State football title games slated for Ravens Stadium

UM conflict spurs move

games are Nov. 29-30

October 03, 2002|By Lem Satterfield | Lem Satterfield,SUN STAFF

The state high school football championship games will be played Nov. 29 and 30 at Ravens Stadium, marking the first time a Maryland Public Secondary Schools Athletic Association final has been held in Baltimore City.

"Knowing you have the opportunity to play in your own back yard, particularly at Ravens Stadium, that's certainly going to be an incentive to city kids," said MPSSAA president Bob Wade, who is Baltimore City's coordinator of athletics. "Making it there is going to be a special moment for any city kid."

The move to Ravens Stadium was necessitated because of a scheduling conflict with the University of Maryland's Byrd Stadium, where, except for two years, the state championships have been held since 1982. The Terps play host to Wake Forest Nov. 30.

"They just made 9,000 kids very happy. Wouldn't you be happy if you had a chance to play on the same field as the pros?" said Oakland Mills football coach Ken Hovet, whose team won the Class 1A state title in 1998. "It's exciting and whoever is responsible should be commended. It enhances the reputation of high school football in the state and will add to the quality of play."

MPSSAA executive director Ned Sparks began searching for a new location in August, when the conflict was discovered. The primary criterion was finding a stadium where all four games - two on each day - could be played.

Sparks, who approached the Ravens, said he also met with officials from Towson University and Morgan State. He said the Washington Redskins "had no interest," and that attempts to meet with Navy officials were unsuccessful.
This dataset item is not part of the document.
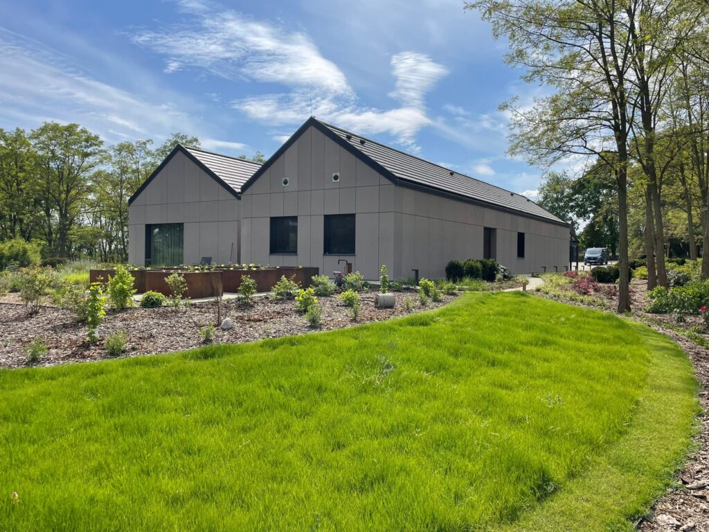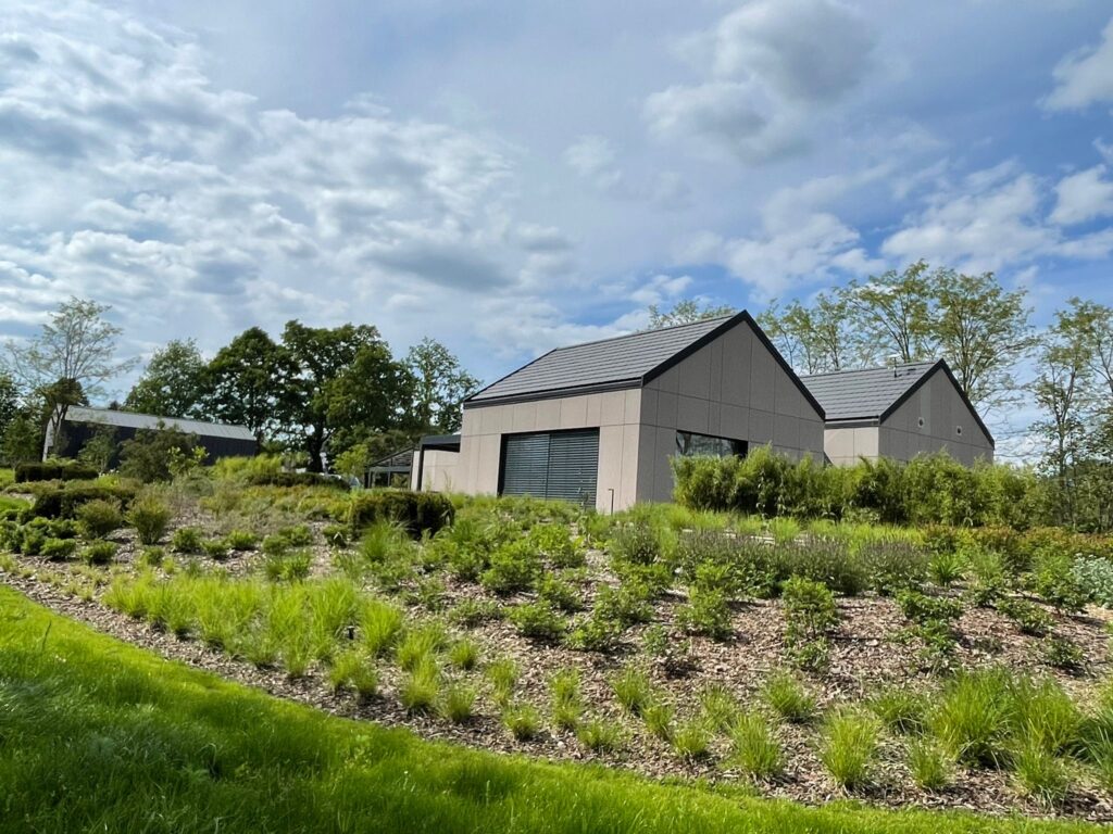 Wisienką na torcie jest przepiękny ogród, w którym nie zabrakło także sterowania Loxone. System podlewania wykorzystuje 3 zbiorniki o pojemności 10 tys. litrów wody deszczowej każdy. Uruchamiane są przez pompę ogrodową w zależności od tego, czy w danym zbiorniku jest woda. W razie braku wody deszczowej system przełącza się na pompę głębinową. Całość nadzoruje zainstalowana na dachu stacja pogodowa, która informuje system o opadach deszczu lub ich braku.

"This is a great opportunity for everybody," Sparks said. "People can come to the stadium for a high school price."

Sparks did say the general admission ticket price will be higher than last year's $5.

"We haven't determined what that will be," Sparks said. "But I can say this: I went to the movies last week and the price will be cheaper than what I paid for the movies."

Sparks also said fans will have to pay to park at the stadium lots. "We would expect a token fee," he said.

Game times each day will be 3 p.m. and 7 p.m., and tickets will be good for both games that day. The order of games by classifications has not been determined.

Sparks said the Ravens "were very fair" in negotiating a price, and he did not rule out the championships being played in Baltimore again.

"I would not characterize this as a stopgap measure. Both sides are amenable to continuing the relationship," Sparks said. "We'll play the state championships, look at how things went, study it, and then make a decision."

Said Kevin Byrne, Ravens vice president of public and community relations: "We are very interested at not only hosting it this year but, if they are interested, in future years. We think that would be great for the players around the state to get a chance to play where the NFL players play."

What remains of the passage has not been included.